:: Source records ::

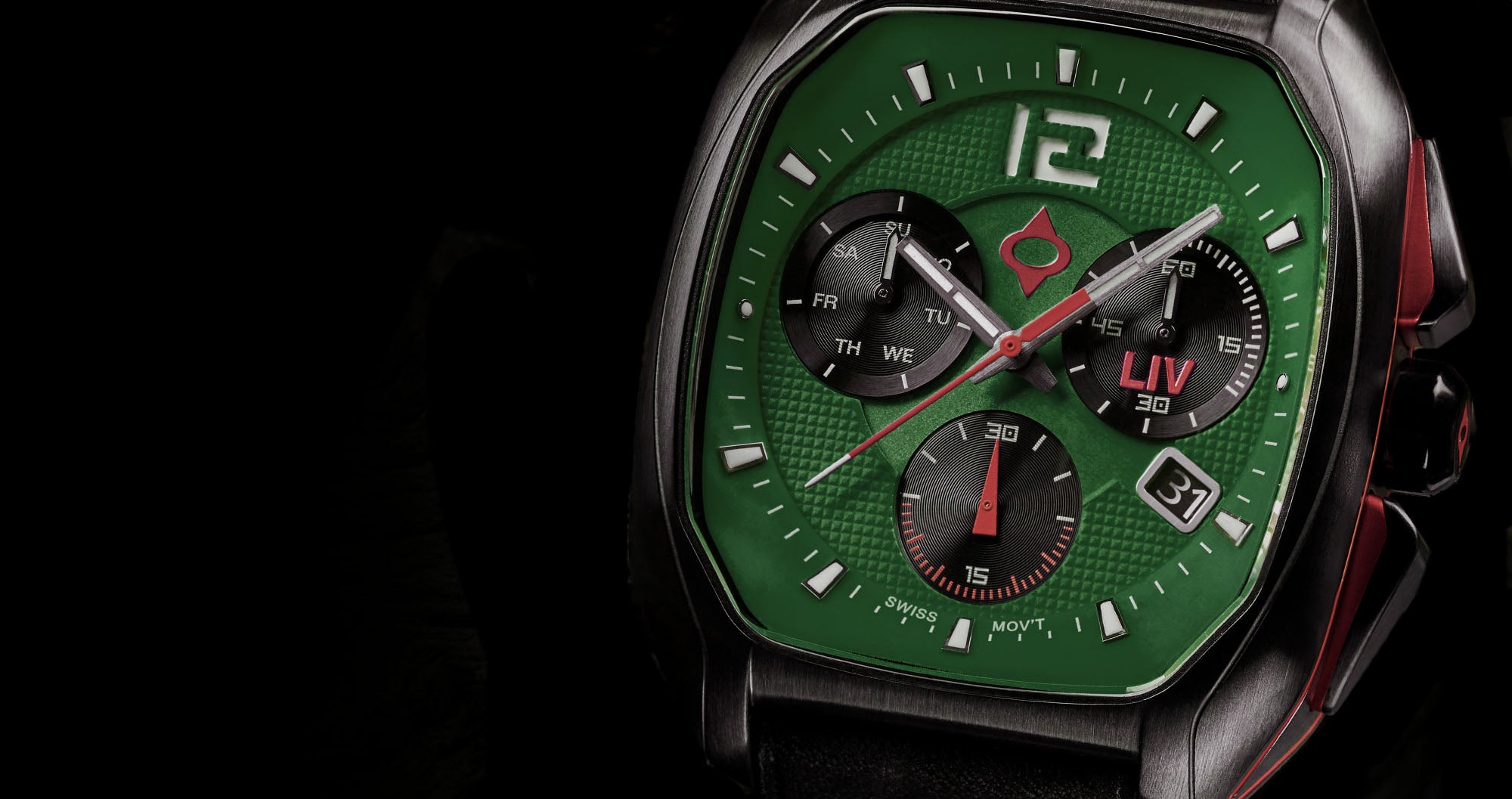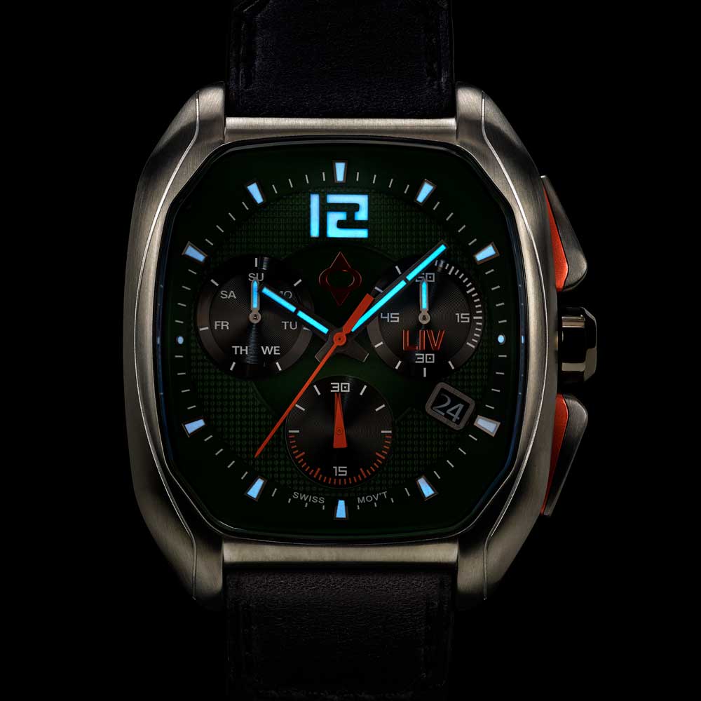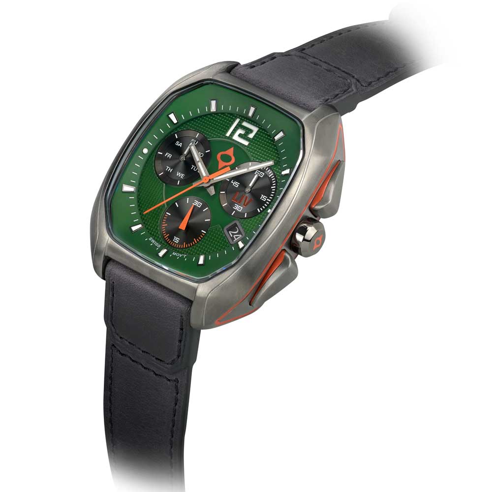 100% Swiss Made. Caliber Z60, Swiss Day-Date chronograph, fully adjustable hands, 3-5 year battery life, with EOL indicator
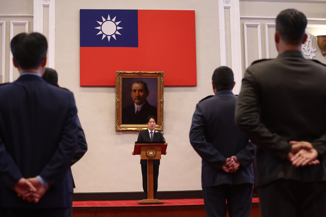 總統表示,面對威權勢力的集結與合流,以及中共日益增強的灰色地帶侵擾,必須要運用不對稱思維及堅強的軍事實力,展現自我防衛的決心,守護台灣的民主自由,讓區域和平穩定、繁榮發展。
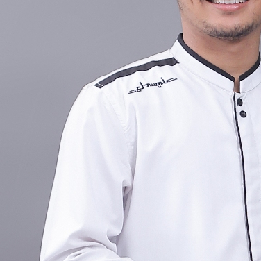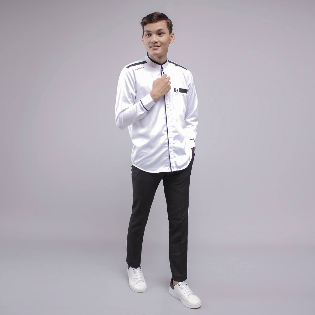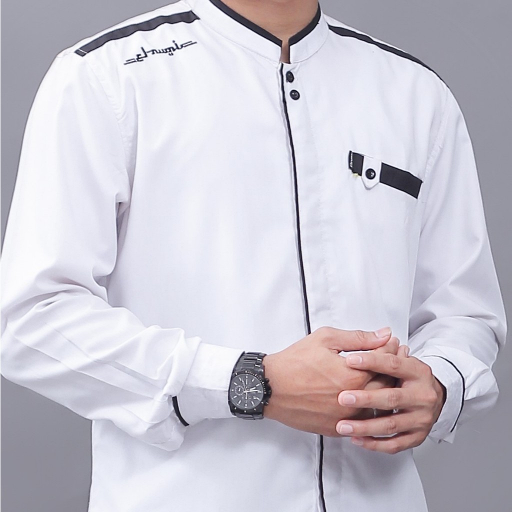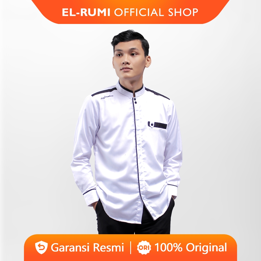 Baju Koko Pria Elrumi Lengan Panjang Motif Yisunsin Warna Putih
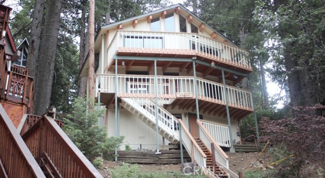 JUST LISTED!!! Take it easy at this unique and tranquil cabin that sits on the edge of the San Bernardino National Forest! Conveniently located in between Lake Arrowhead and Big Bear Lake in beautiful Running Springs! This 2 bedroom 2 bath home has amazing views of the forest. It features an open floor plan upstairs for entertaining guests with high beamed vaulted ceilings, tall windows, and lots of natural light. There is a total of 4 separate decks, a separate storage room that can be converted into a 3rd bedroom, a parking carport, laundry room, and just a short drive to Snow Valley Ski Resort! Very central to the main town, highway, and so much more. This home was also an active vacation rental that did very well! Do not miss out on this one!
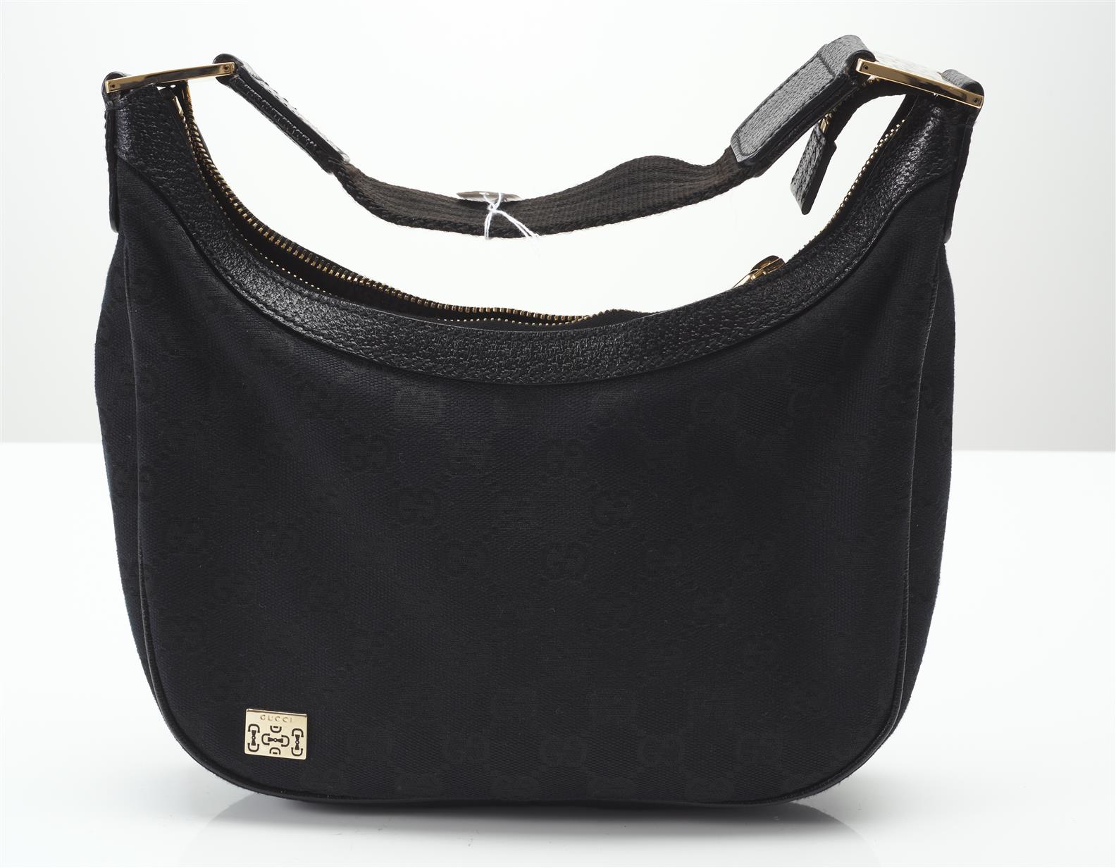 Styled in black monogram canvas with black leather trim and gold metal hardware, 28 x 15 x 4cm.
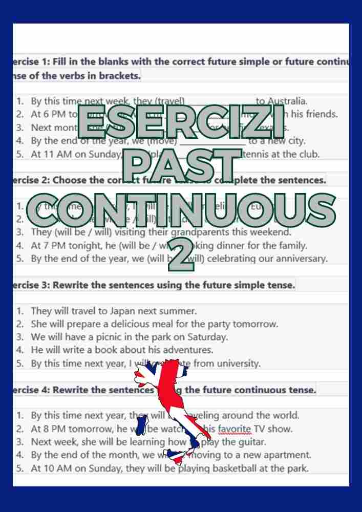 Questi esercizi sono pensati per aiutarti a praticare il livello di inglese, concentrandosi sul futuro semplice e il futuro continuo. Sono suddivisi in dieci esercizi, con risposte incluse, per aiutarti a rafforzare la comprensione e l'uso corretto di queste strutture verbali.
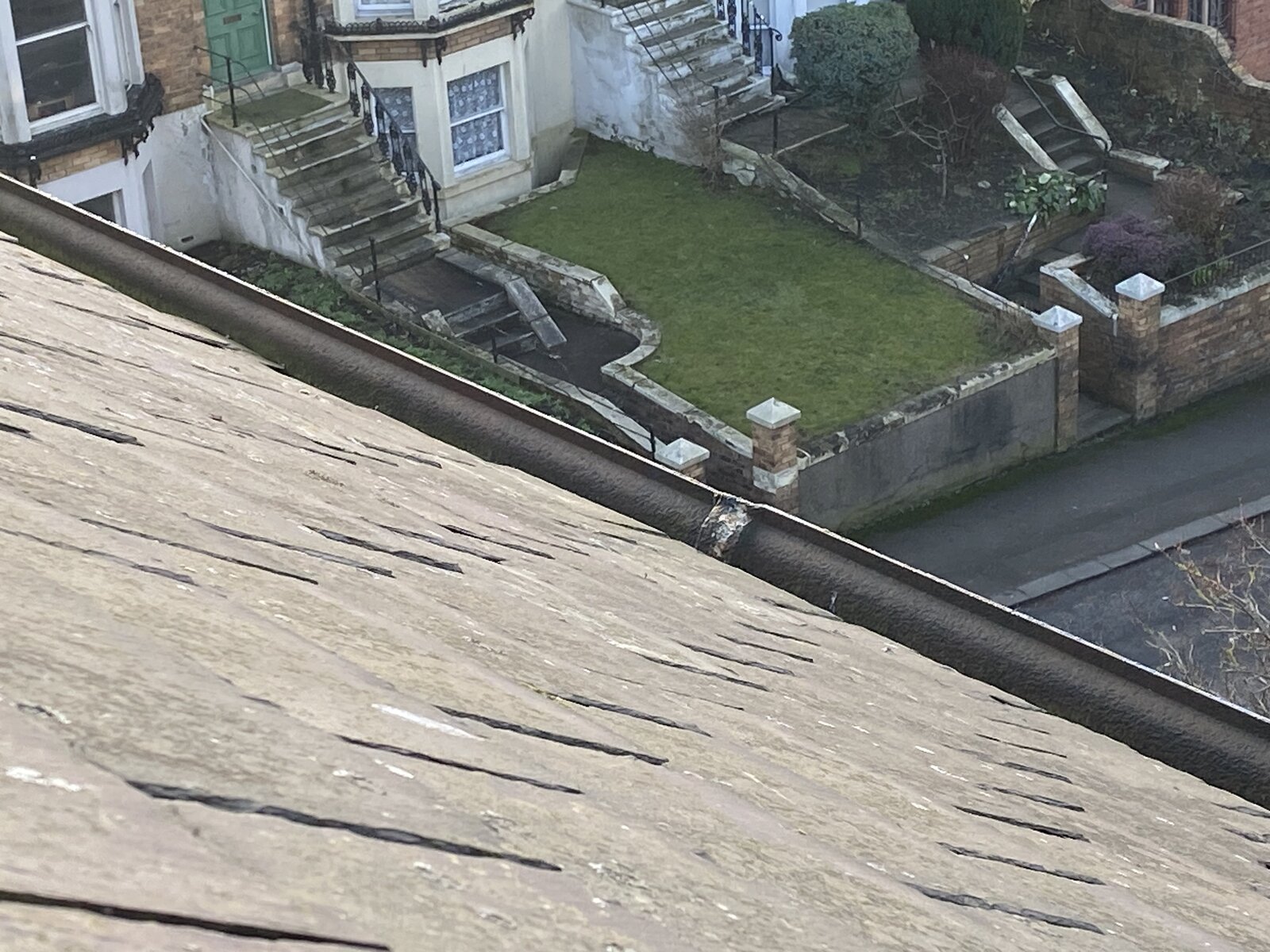 I will load some pics. One from the ground and two out of my velux. It’s about 11m high. We are getting scaffolding in and will be repainting the facials and gutters. So we want to solve the leak issue as well
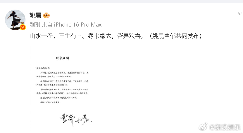 姚晨离婚姚晨曹郁离婚 刚刚,和曹郁发布联合声明官宣离婚:“多年前,我们结束了婚姻关系,考虑到当时孩子年幼,并未对外公布。”“曾经我们是珍贵的朋友,后来是家人,以后是家人一样的朋友。”据悉,两人2011年同返住所,恋情曝光,次年,两人在新西兰举行婚礼,婚后育有一儿一女。
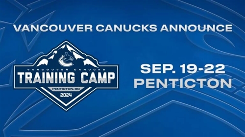 <p>The Vancouver Canucks announced today that their 2024 Training Camp will be held in Penticton, BC, from Thursday, September 19th to Sunday, September 22nd. All on-ice sessions will take place at the South Okanagan Events Centre, home of the Vancouver Canucks Young Stars Classic and the Penticton Vees of the British Columbia Hockey League (BCHL). Besides the daily skates, the team will also play a Blue – White scrimmage on Sunday. This is the first time training camp will be held in Penticton since the fall of 2010. <br />The Canucks practice sessions will be open to the public and will feature other free activations at the South Okanagan Events Centre, continuing the excitement from the previous week’s Young Stars Classic. <br />More information about public access to Training Camp will be announced at a later date. <br /> Since 1974, the Canucks have held Training Camp in a number of communities across British Columbia, including Abbotsford, Courtenay, Duncan, Kamloops, Parksville, Penticton, Powell River, Prince George, Vernon, Victoria, and Whistler. The team has also held Training Camp overseas on one occasion, travelling to Stockholm, Sweden in 2000.</p>
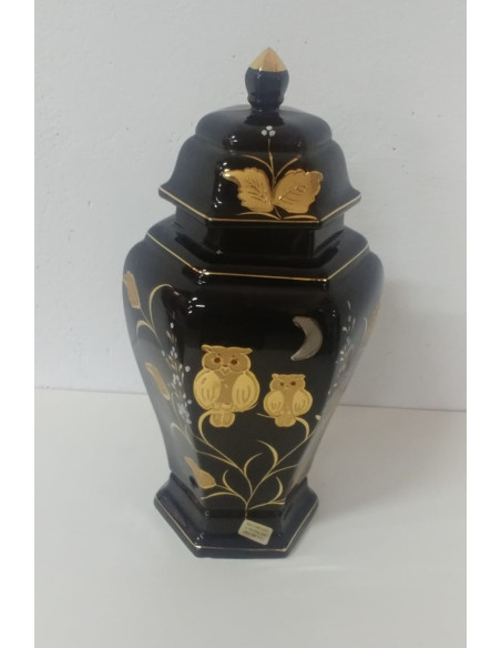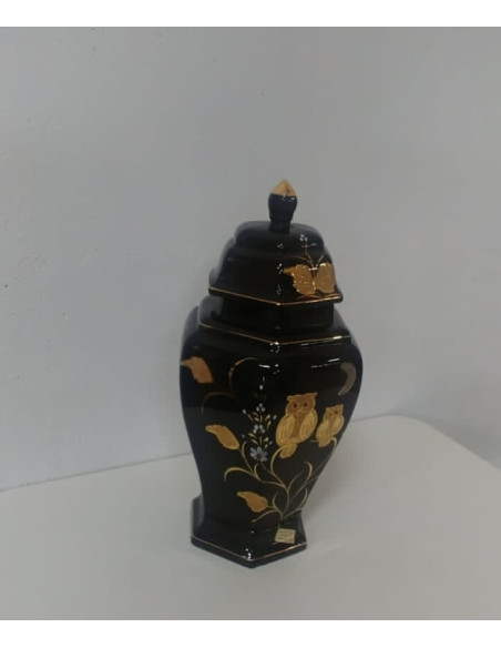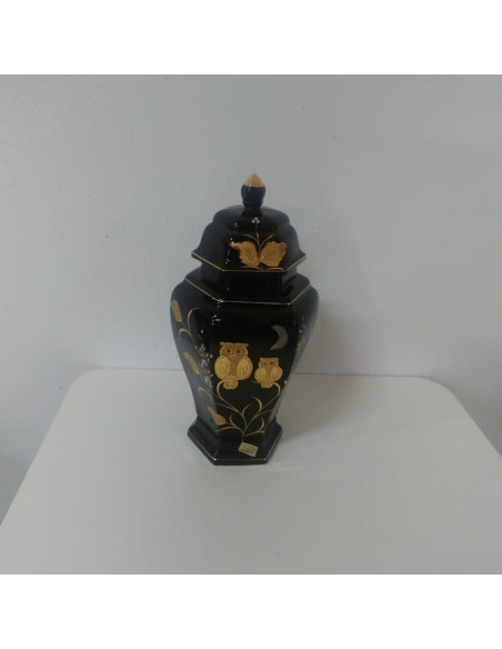 JARRON DE PORCELANA, NEGRO CON DETALLES DORADOS Y BUHOS DORADOS, CON TAPA
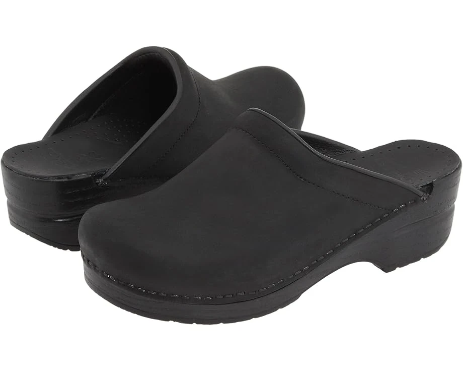 You may be more comfortable sizing downward for open-back models (I.E., if you are a US size 6.5, you may want to choose EU size 36).SKU: #121211The Dansko® Sonja is the most traditional open-back style that takes on the critical role of providing comfort to those in the nursing, hospitality, and other occupational fields. Oiled Leather: heavily oiled, matte-finish leather with optimal pliability and moisture resistance. Oiled Nubuck has the same closely napped, silky feel as Nubuck, but with noticeably more oil tanned into the leather. Naturally occurring blemishes are slightly more visible in these areas and suggest a more rugged appearance. Latigo leather has a smooth, tight grain and semi-gloss to transparent finish.Roomy Thermoplastic toe box provides durable reinforcement and toe protection and allows toes to move comfortably.Vegetable tanned leather lining allows the shoe to mold to the natural shape of the foot.Poliyou® foam in the footbed absorbs and evaporates perspiration.PVC inner frame provides stability and reduces torque and pronation.Polyurethane outsole provides shock absorption and flexibility, withstands surfaces of extreme heat and cold, and protects feet, legs and back during long hours of standing or walking.Dansko®’s Stapled Clog Collection proudly carries the Seal of Acceptance from the American Podiatric Medical Association.Product measurements were taken using size EU 41 (US Women’s 10.5-11), width Regular. Please note that measurements may vary by size.Measurements:

:::

▶ **Work item**:
Whenever a picture appears in the listing, leave it out; copy everything else exactly.

▶ **Solution for this task**:
 100% Swiss Made. Caliber Z60, Swiss Day-Date chronograph, fully adjustable hands, 3-5 year battery life, with EOL indicator
 總統表示,面對威權勢力的集結與合流,以及中共日益增強的灰色地帶侵擾,必須要運用不對稱思維及堅強的軍事實力,展現自我防衛的決心,守護台灣的民主自由,讓區域和平穩定、繁榮發展。
 Baju Koko Pria Elrumi Lengan Panjang Motif Yisunsin Warna Putih
 JUST LISTED!!! Take it easy at this unique and tranquil cabin that sits on the edge of the San Bernardino National Forest! Conveniently located in between Lake Arrowhead and Big Bear Lake in beautiful Running Springs! This 2 bedroom 2 bath home has amazing views of the forest. It features an open floor plan upstairs for entertaining guests with high beamed vaulted ceilings, tall windows, and lots of natural light. There is a total of 4 separate decks, a separate storage room that can be converted into a 3rd bedroom, a parking carport, laundry room, and just a short drive to Snow Valley Ski Resort! Very central to the main town, highway, and so much more. This home was also an active vacation rental that did very well! Do not miss out on this one!
 Styled in black monogram canvas with black leather trim and gold metal hardware, 28 x 15 x 4cm.
 Questi esercizi sono pensati per aiutarti a praticare il livello di inglese, concentrandosi sul futuro semplice e il futuro continuo. Sono suddivisi in dieci esercizi, con risposte incluse, per aiutarti a rafforzare la comprensione e l'uso corretto di queste strutture verbali.
 I will load some pics. One from the ground and two out of my velux. It’s about 11m high. We are getting scaffolding in and will be repainting the facials and gutters. So we want to solve the leak issue as well
 姚晨离婚姚晨曹郁离婚 刚刚,和曹郁发布联合声明官宣离婚:“多年前,我们结束了婚姻关系,考虑到当时孩子年幼,并未对外公布。”“曾经我们是珍贵的朋友,后来是家人,以后是家人一样的朋友。”据悉,两人2011年同返住所,恋情曝光,次年,两人在新西兰举行婚礼,婚后育有一儿一女。
 <p>The Vancouver Canucks announced today that their 2024 Training Camp will be held in Penticton, BC, from Thursday, September 19th to Sunday, September 22nd. All on-ice sessions will take place at the South Okanagan Events Centre, home of the Vancouver Canucks Young Stars Classic and the Penticton Vees of the British Columbia Hockey League (BCHL). Besides the daily skates, the team will also play a Blue – White scrimmage on Sunday. This is the first time training camp will be held in Penticton since the fall of 2010. <br />The Canucks practice sessions will be open to the public and will feature other free activations at the South Okanagan Events Centre, continuing the excitement from the previous week’s Young Stars Classic. <br />More information about public access to Training Camp will be announced at a later date. <br /> Since 1974, the Canucks have held Training Camp in a number of communities across British Columbia, including Abbotsford, Courtenay, Duncan, Kamloops, Parksville, Penticton, Powell River, Prince George, Vernon, Victoria, and Whistler. The team has also held Training Camp overseas on one occasion, travelling to Stockholm, Sweden in 2000.</p>
 JARRON DE PORCELANA, NEGRO CON DETALLES DORADOS Y BUHOS DORADOS, CON TAPA
 You may be more comfortable sizing downward for open-back models (I.E., if you are a US size 6.5, you may want to choose EU size 36).SKU: #121211The Dansko® Sonja is the most traditional open-back style that takes on the critical role of providing comfort to those in the nursing, hospitality, and other occupational fields. Oiled Leather: heavily oiled, matte-finish leather with optimal pliability and moisture resistance. Oiled Nubuck has the same closely napped, silky feel as Nubuck, but with noticeably more oil tanned into the leather. Naturally occurring blemishes are slightly more visible in these areas and suggest a more rugged appearance. Latigo leather has a smooth, tight grain and semi-gloss to transparent finish.Roomy Thermoplastic toe box provides durable reinforcement and toe protection and allows toes to move comfortably.Vegetable tanned leather lining allows the shoe to mold to the natural shape of the foot.Poliyou® foam in the footbed absorbs and evaporates perspiration.PVC inner frame provides stability and reduces torque and pronation.Polyurethane outsole provides shock absorption and flexibility, withstands surfaces of extreme heat and cold, and protects feet, legs and back during long hours of standing or walking.Dansko®’s Stapled Clog Collection proudly carries the Seal of Acceptance from the American Podiatric Medical Association.Product measurements were taken using size EU 41 (US Women’s 10.5-11), width Regular. Please note that measurements may vary by size.Measurements:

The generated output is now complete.